148.- El H. Salvador lloraba ante estas palabras; pero me dijo que había dado la palabra, y que la cosa había llegado tan adelante, que Monseñor Pansilora había hablado ya con el Cardenal Antonio Barberini, Capitán General de los Ejércitos de la Santa Iglesia; y que incluso había hablado de esto con el Papa, y ya le había hecho la patente de Ingeniero Mayor, por lo que no podía volverse atrás, estando todo decidido. ´Así que siento despedirme de Vuestra Paternidad, y le pido me encomiende a sus oraciones´. Con estas palabras se despidió, y se fue al ejército.
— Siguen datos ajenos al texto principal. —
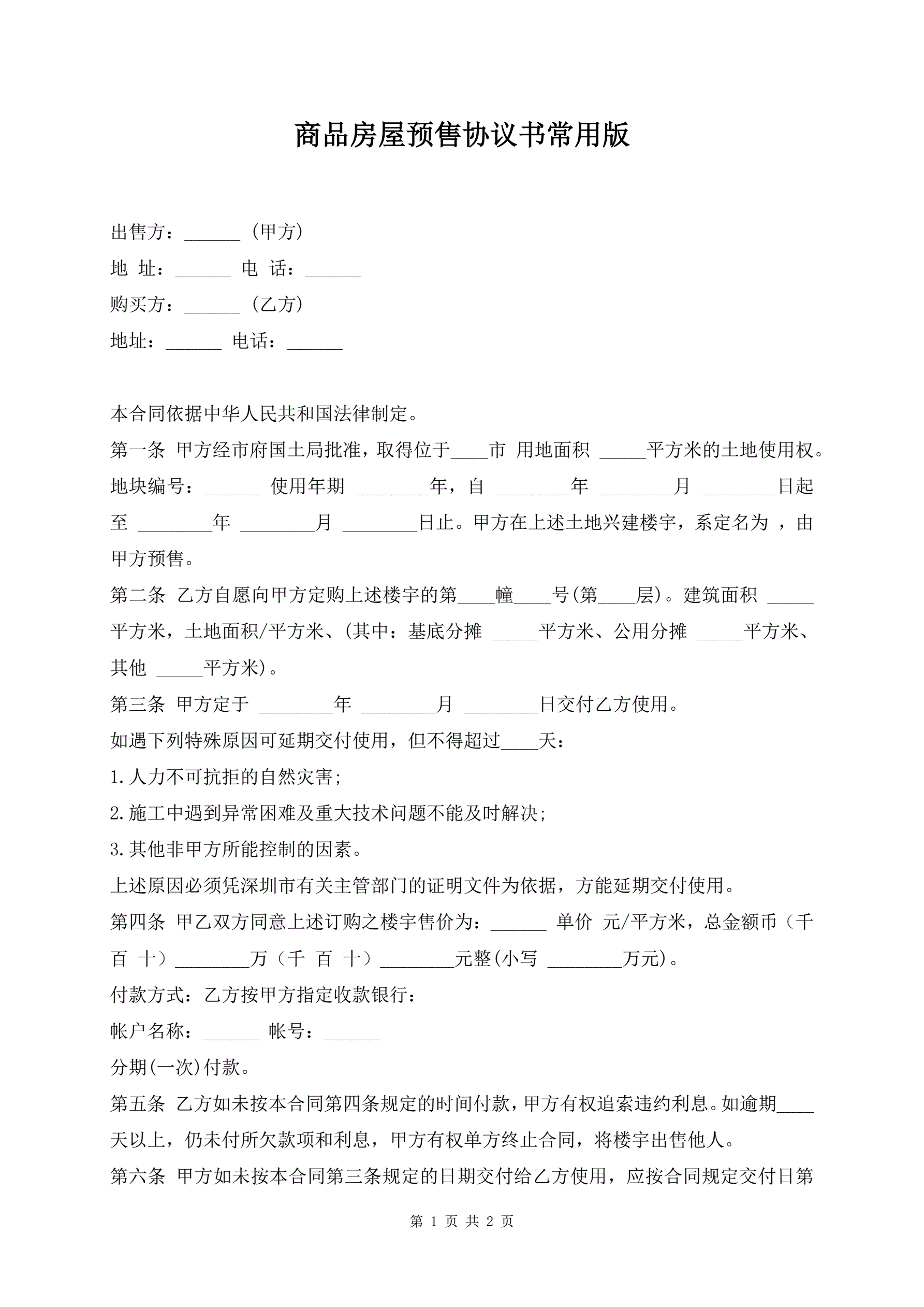 商品房屋预售协议书常用版

A las pocas semanas cayó enfermó, por los sufrimientos y el cambio a una vida tan estricta y tan distinta, entre los estrépitos de los soldados y la laxitud de la conciencia. Dio en una melancolía tan grande, que vivió pocos meses, y enseguida murió, tal como me refirieron en Ferrara. Yo lo lloré y lo compadecí, y lo mismo todos nuestros Padres, por haber perdido a un individuo tan desviado por uno que fue también el origen de nuestra Ruina.

He querido contarle estos ejemplos, para que vea el final que tienen los que se dejan vencer por la soberbia y la tentación. Como hacen los Padres de Nápoles, que están obligando a muchos individuos a andar errabundos, sólo por sus caprichos. Quiera Dios que esto no llegue a ser una gran ofensa suya”.

149.- El P. Tomás [Carello] había informado a todos los Padres de Roma de lo que había pasado en Nápoles, y la razón por la que yo me había ido. Esto generó mucho malestar contra ellos, por eso, a veces me preguntaban las causas por las que habían sido expulsados los forasteros, y querían aclarar por qué uno de ellos había llegado a Roma. Sólo les respondía que todo el mal procedía de los que tenían el Breve, para abandonar nuestro hábito, para prepararse una buena Bolsa, y llevarse todas las Casas que podían; y que no querían a nadie que pudiera decirles “¡dejen esas Cosas, que son nuestras!”, como muchas veces les dije yo mismo; y que sería bueno ponerles una condición: O que renunciaran al Breve, o que se fueran a sus casas; porque, de lo contrario, “cada vez será peor”.

150.- Causó grandísima impresión esta propuesta, porque otras Casas escribían al P. General lo mismo. Y, precisamente por esto, se andaba buscando cómo hacer para solucionar este inconveniente.

A Roma le llegó al P. General, desde Nápoles, la noticia de los que habían sido expulsados de la Casa de Porta Reale: P. Carlos [Patera] de Santa María; P. Juan Domingo [Romani] de la Reina de los Ángeles; P. Francisco [Vecchi] de Todos los Santos, de Squinzano, luego vecino de Lecce. El P. Carlos anduvo un tiempo por Nápoles solo; luego, cogió el Breve, y fue nombrado Confesor de las Monjas de San Patricio. Murió de la peste, y dejó cuanto tenía a los Padres de Porta Reale.

El P. Juan Domingo se fue a Cosenza, su Patria, y el P. Francisco de Todos los Santos se fue a Campi, de donde le solicitaron, por la gran necesidad que tenían en Nápoles; allí lo eligieron Superior, y murió de peste en la Casa de Posilipo.